§ RECORDED INFORMATION:
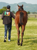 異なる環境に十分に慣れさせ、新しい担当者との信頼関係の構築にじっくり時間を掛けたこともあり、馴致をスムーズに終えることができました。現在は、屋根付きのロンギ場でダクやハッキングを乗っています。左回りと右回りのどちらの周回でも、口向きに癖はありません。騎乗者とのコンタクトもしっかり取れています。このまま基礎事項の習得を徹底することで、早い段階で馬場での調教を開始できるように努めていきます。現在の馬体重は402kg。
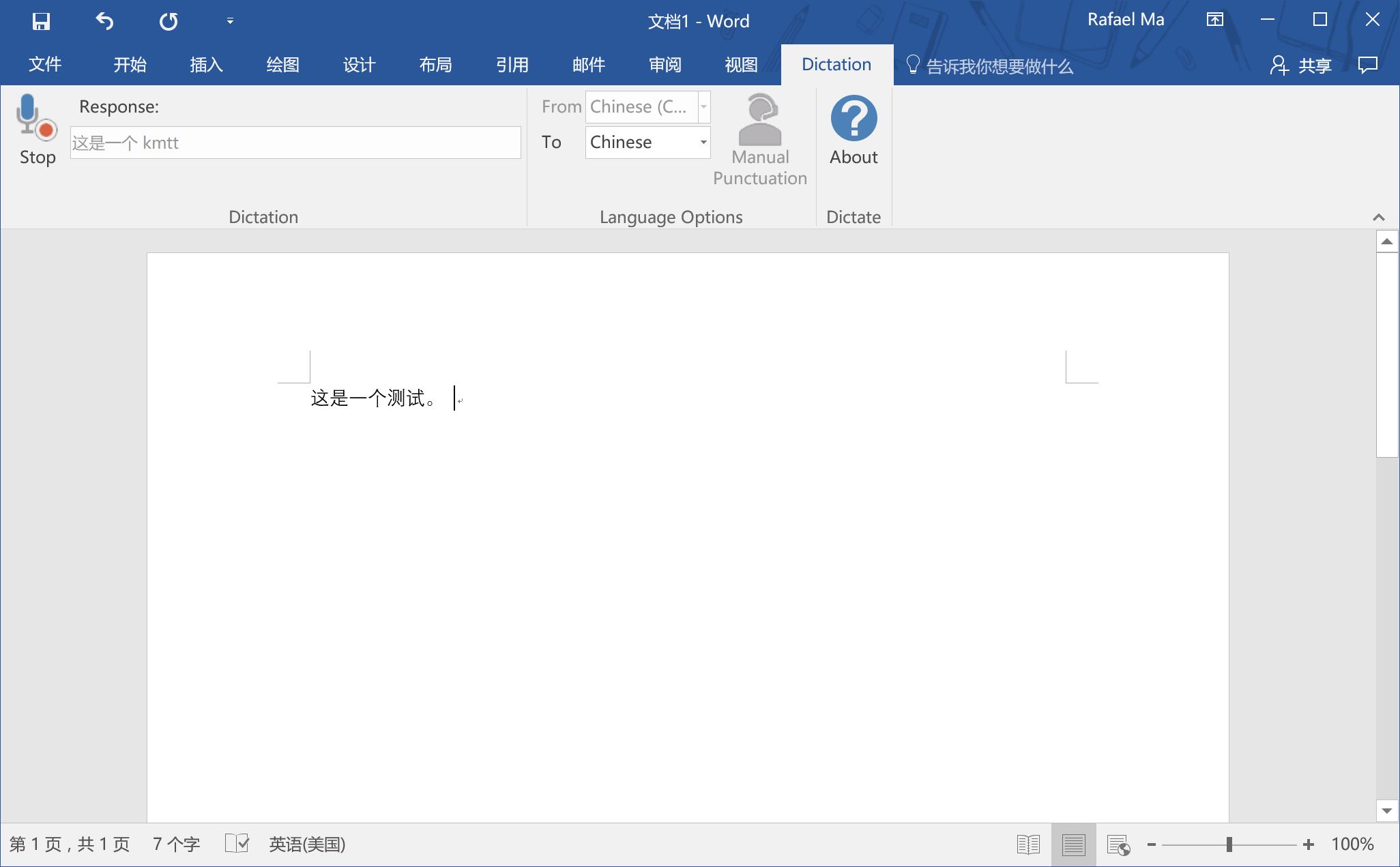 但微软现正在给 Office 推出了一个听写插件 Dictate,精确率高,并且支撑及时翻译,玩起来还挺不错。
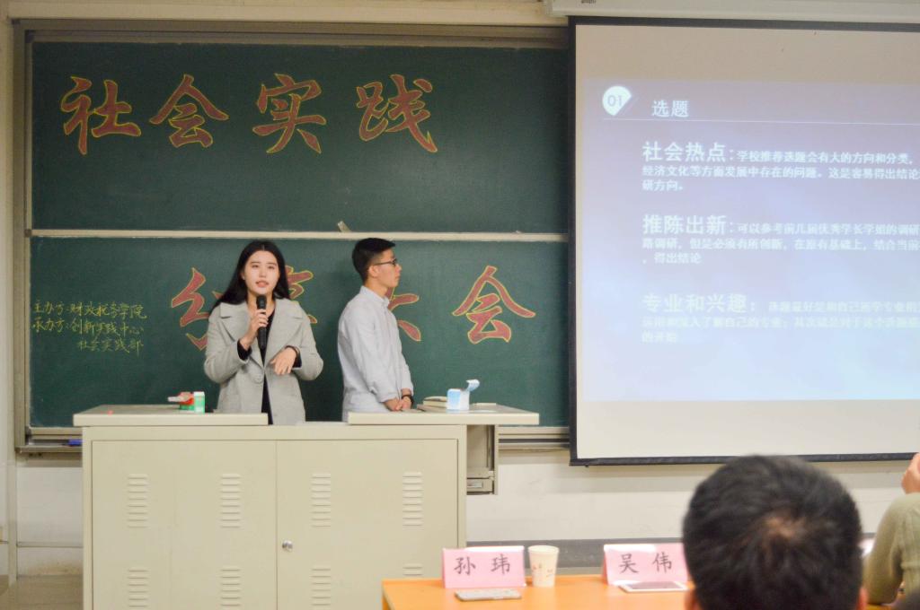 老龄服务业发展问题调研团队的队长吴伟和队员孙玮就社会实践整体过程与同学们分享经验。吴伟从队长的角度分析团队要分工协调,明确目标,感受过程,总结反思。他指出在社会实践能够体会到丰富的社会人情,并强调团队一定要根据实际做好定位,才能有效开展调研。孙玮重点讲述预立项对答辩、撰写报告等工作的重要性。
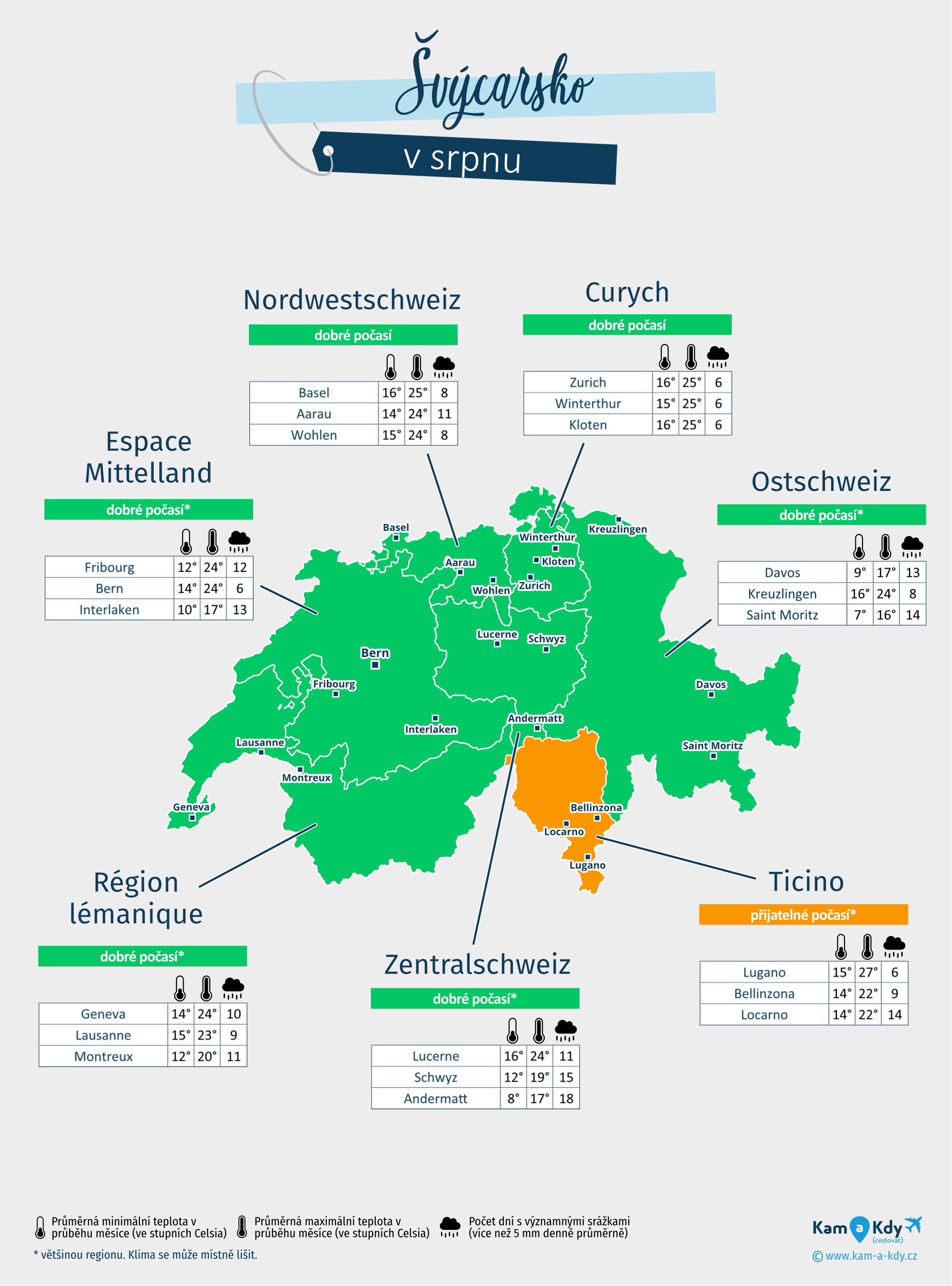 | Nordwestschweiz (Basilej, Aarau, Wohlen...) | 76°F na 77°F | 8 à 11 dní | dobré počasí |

§ WHAT IS REQUIRED: Go through the lines above and write each one out verbatim, skipping the pictures.

§ RESPONSE TO THE EXERCISE:
 異なる環境に十分に慣れさせ、新しい担当者との信頼関係の構築にじっくり時間を掛けたこともあり、馴致をスムーズに終えることができました。現在は、屋根付きのロンギ場でダクやハッキングを乗っています。左回りと右回りのどちらの周回でも、口向きに癖はありません。騎乗者とのコンタクトもしっかり取れています。このまま基礎事項の習得を徹底することで、早い段階で馬場での調教を開始できるように努めていきます。現在の馬体重は402kg。
 但微软现正在给 Office 推出了一个听写插件 Dictate,精确率高,并且支撑及时翻译,玩起来还挺不错。
 老龄服务业发展问题调研团队的队长吴伟和队员孙玮就社会实践整体过程与同学们分享经验。吴伟从队长的角度分析团队要分工协调,明确目标,感受过程,总结反思。他指出在社会实践能够体会到丰富的社会人情,并强调团队一定要根据实际做好定位,才能有效开展调研。孙玮重点讲述预立项对答辩、撰写报告等工作的重要性。
 | Nordwestschweiz (Basilej, Aarau, Wohlen...) | 76°F na 77°F | 8 à 11 dní | dobré počasí |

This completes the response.